Raw data »
::::

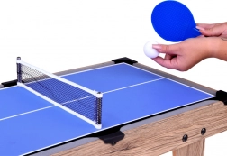 Il suffit de quelques secondes pour changer de surface de jeu : de la précision du billard, aux échanges dynamiques du ping‑pong, au palet fusant de l’air hockey jusqu’aux buts palpitants du baby-foot. La boîte contient tout le nécessaire – des boules, queues et triangle aux raquettes et balles, ainsi que les compteurs de score et les palets.
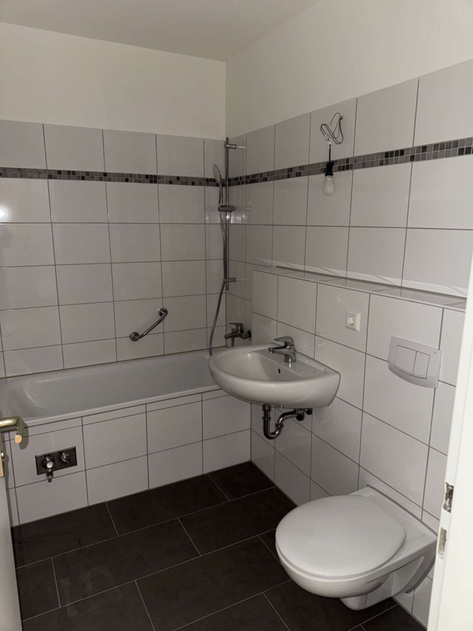 Das Badezimmer, welches 2010 saniert wurde, ist mit Wanne und zusätzlichem Waschmaschinenanschluss ausgestattet und mit grauen Bodenfliesen und weissen Wandfliesen mit einer Mosaik-Bordüre gefliest.
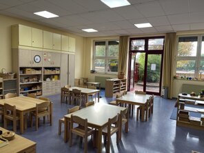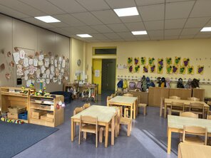 ![]() ![]() | 子どもたちが過ごすお部屋です。 広々としたスペースで、のびのびと活動をしたり 室内遊びを楽しんでいます。 | |||

::::

What is expected »
A verbatim transcript of the material above, with images dropped, is the expected output.

Output below »
 Il suffit de quelques secondes pour changer de surface de jeu : de la précision du billard, aux échanges dynamiques du ping‑pong, au palet fusant de l’air hockey jusqu’aux buts palpitants du baby-foot. La boîte contient tout le nécessaire – des boules, queues et triangle aux raquettes et balles, ainsi que les compteurs de score et les palets.
 Das Badezimmer, welches 2010 saniert wurde, ist mit Wanne und zusätzlichem Waschmaschinenanschluss ausgestattet und mit grauen Bodenfliesen und weissen Wandfliesen mit einer Mosaik-Bordüre gefliest.
 ![]() ![]() | 子どもたちが過ごすお部屋です。 広々としたスペースで、のびのびと活動をしたり 室内遊びを楽しんでいます。 | |||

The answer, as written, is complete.